The Telugu language [1] ( తెలుగు ) is one of the Dravidian languages . It is distributed in the Indian states of Andhra Pradesh and Tellingana , where it has official status, as well as states with a significant diaspora of the Telugu people - countries of Southeast Asia , in some states of Africa and the Middle East , on the islands of Fiji and Mauritius .
| Telugu | |
|---|---|
| Self name | తెలుగు |
| Country | |
| Official status | Andhra Pradesh |
| Total number of speakers | 80 million |
| Rating | 13-17 |
| Classification | |
| Category | Languages of Eurasia |
Dravidian family
| |
| Writing | Telugu writing |
| Language Codes | |
| GOST 7.75–97 | tel 675 |
| ISO 639-1 | te |
| ISO 639-2 | tel |
| ISO 639-3 | tel |
| WALS | |
| Ethnologue | |
| Linguasphere | |
| ABS ASCL | |
| IETF | |
| Glottolog | |
Content
History
Telugu is an old written language; its oldest monuments date back to the end of VI - beginning of the VII century BC. e. Telugu literature was formed later than in other Dravidian languages. The beginning of the Telugu literary tradition (earlier monuments of Jain literature of the 9th - 11th centuries were destroyed after the establishment of Hinduism in Andhra) was laid by the poets who worked in the 11th (Nannaya Bhatta) and the 13th century ( Tikkang , Yerapragada ); they transferred the classical ancient Indian epic of Mahabharata to Telugu (the result of this arrangement was called Andhra Mahabharata, where Andhra is the name of the Telugu-speaking people and the country where he lives; occasionally this term is also used as another name for the Telugu language). Original works appeared in the XIV century , and the norms of the literary language were formed in the XV - XVI centuries under the influence of Sanskrit and Prakrit - Central Indian literary languages that inherited Sanskrit.

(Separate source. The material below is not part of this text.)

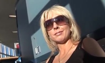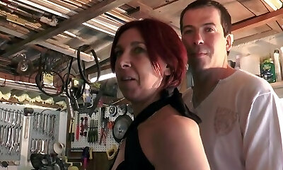 Blond mature gangbang in dirty garage

As in other ancient Dravidian languages, the classical literary and colloquial variants of Telugu are very different. However, in the poetry of the preachers of the bhakti movement (in the XII-XIII centuries, and then in the XV century), spoken language was used, and in the XIX century a movement emerged, the leader of which was the writer G. Apparato , who set as his goal the creation of a new, close to spoken literary language . In the 20th century, a new literary language occupied a dominant position in fiction and the media. Since 1968, the Telugu Academy has been operating, developing normative grammar of a new literary language (“Vyavaharika”); the old book language ("granthika") is preserved only in limited areas - in particular, in poetry.

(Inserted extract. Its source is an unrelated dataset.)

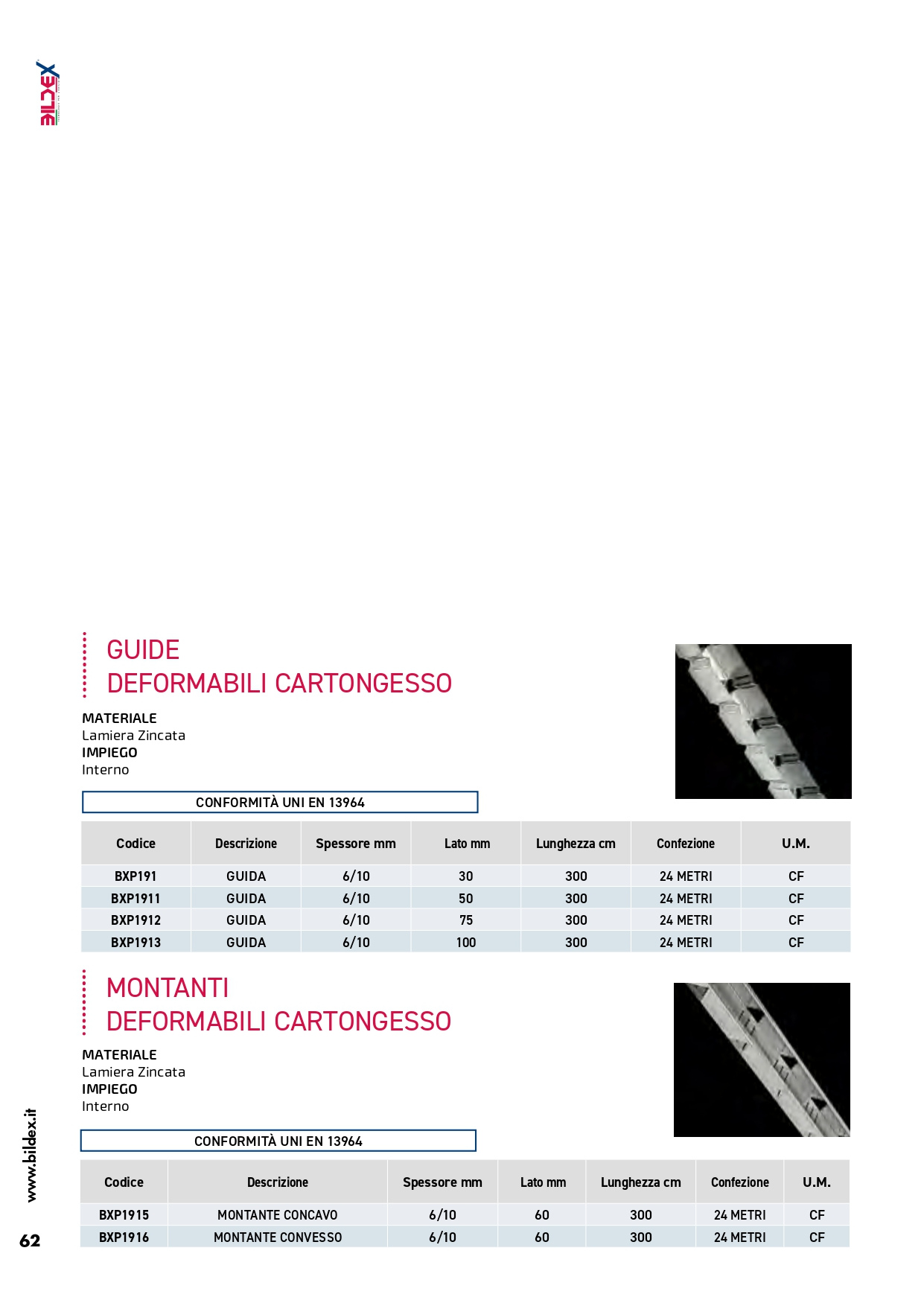 Guide e montanti zincati deformabili per cartongesso

The first Telugu grammar of Shabdachintamani (“The Talisman of Words”) was compiled by Nannaya Bhatta in the 11th century; the modern stage in the study of Telugu began in the 19th century (the grammar of C.P. Brown and other works). In 1832, the Pedda Balashiksha Encyclopedia was compiled for children, containing basic information about Telugu writing and phonology. In addition to European scholars, Telugu is studied by Indian scholars at universities in the cities of Hyderabad, Tirupati and Visakhapattanam.
Linguistic information
Classification
- Dravidian family
- Southeast group
- Telugu
- Southeast group
Language Structure
Structurally, Telugu is close to the "common Dravidian standard." Phonetically, it is similar to the language of Kannada (in ancient times, their similarity was even greater). In morphology, Telugu is characterized by the absence of feminine nouns (singular distinguishes between masculine and non-masculine; in the plural, “epicene” for names of individuals and average for all other nouns); in this Telugu is similar to the northern Dravidian languages - kurukh and malt . Already in ancient Telugu, in comparison with other Dravidian languages, the case system is simplified (four cases versus an average of six). In the subsystem of pronouns, as in most Dravidian languages, the inclusive (“we are with you”) and exclusive (“we are without you”) forms of the first person are distinguished. numbers. In the indicative mood of positive conjugation, only two species-time forms are opposed - the present-future and the simple past; the number of moods (indicative, imperative, potential, and conditional), in contrast, is slightly larger than in most Dravidian languages. The syntax is typically Dravidian.
Writing
The Telugu syllabic alphabet is used.
See also
- Telugu-Russian practical transcription
- Telugu people
- Acchulu
- Telugu Cinema (Tollywood)
Notes
- ↑ Ageenko F.L. , Zarva M.V. Accent vocabulary for radio and television workers: approx. 75,000 dictionary units / Edited by D. E. Rosenthal . - 6th edition, stereotyped. - Moscow: Russian language, 1985 .-- S. 433. - 808 p.
Links
- Zenit S. Ya. , Petrunicheva Z. N. , Gurov N.V. Telugu-Russian Dictionary. - M .: "Soviet Encyclopedia", 1972. - 744 p.